SAP's Pivot to Pay-Per-Use AI Faces Crucial Earnings Test
20.04.2026 - 09:12:54 | boerse-global.deInvestors are bracing for a pivotal update from SAP this Thursday, as the software giant’s ambitious shift to a consumption-based pricing model for artificial intelligence collides with high-stakes quarterly results. The company will abandon fixed subscriptions for its AI services starting in July, a strategic gamble that promises long-term growth but introduces near-term volatility into its revenue streams.
The first-quarter figures, due after market close on Thursday, April 23, at 22:05 CEST, are expected to provide critical evidence on whether SAP’s profound transformation is gaining traction. Analysts are forecasting an 18 percent year-over-year increase in cloud revenue, with total revenue seen rising around five percent. Operating profit is anticipated to grow by approximately eleven percent.
This strategic overhaul, led by CEO Christian Klein and CFO Dominik Asam, mirrors the company’s cloud migration journey six years ago. It requires significant investment, which is temporarily pressuring margins. Concurrently, SAP is deploying dedicated developer teams to customer sites from this summer to build tailored AI solutions on-site, aiming to drastically accelerate implementation. The move away from per-user licenses reflects a technological shift where AI agents are increasingly performing tasks traditionally done by employees.
Should investors sell immediately? Or is it worth buying SAP?
Market sentiment remains fractured. Since the start of the year, SAP’s share price has fallen by about 24 percent, though it has stabilized recently. After hitting a 52-week low of 137.54 euros in early April, the stock recovered to trade around 153 euros, closing at 153.40 euros last Friday. It remains over 40 percent below its record high.

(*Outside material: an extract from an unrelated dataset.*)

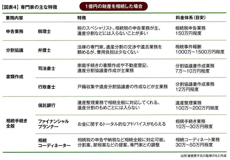 ◇門家選びでは「実績」をチェック 円満・円滑な相続を目指す場合〝相続の専門家″は心強い存在です。しかし、人選を誤ると金銭面のマイナスだけでなく、感情面で大きなしこりを残す恐れもあります。専門家選びで陥りやすい落とし穴は、今までの顧問税理士など身近なところで安易に依頼するパターン。相続のスペシャリストならばよいのですが、成果が出ない可能性もあります。相続の実績演があるかどうかは要チェックです。実際に話を開いてみるのも大事なポイント。相談しにくい相手だったがゆえに、不満が残るケースも見られます。相続にはさまざまな専門家がいます。それぞれの特徴、料金体系を下記の図表にまとめました。専門家選びの目安にしてください。

A key metric under intense scrutiny is the cloud backlog, particularly for the Cloud ERP suite. SAP slightly missed expectations in this area in January, putting the efficiency of converting contracts into solid revenue squarely in the spotlight for this report. Any deceleration in suite momentum would be interpreted as a sign of structural stalling in the new business model.
Analyst opinions highlight the prevailing uncertainty. Barclays maintains an "Overweight" rating with a price target of 220 euros, signaling substantial upside potential. In contrast, JPMorgan rates the stock "Neutral" with a 175 euro target, citing concerns such as potential budget cuts from US customers due to new tariffs. The post-earnings conference call will be crucial for Klein and Asam to quantify the financial impact of the new pricing strategy and reaffirm growth targets for 2026.
Failure to convince the market could see the stock quickly retest its recent lows. The upcoming weeks are dense with events for shareholders. Following the earnings release, the Annual General Meeting on May 5 will decide on the profit distribution for 2025, with a dividend payment expected on May 8.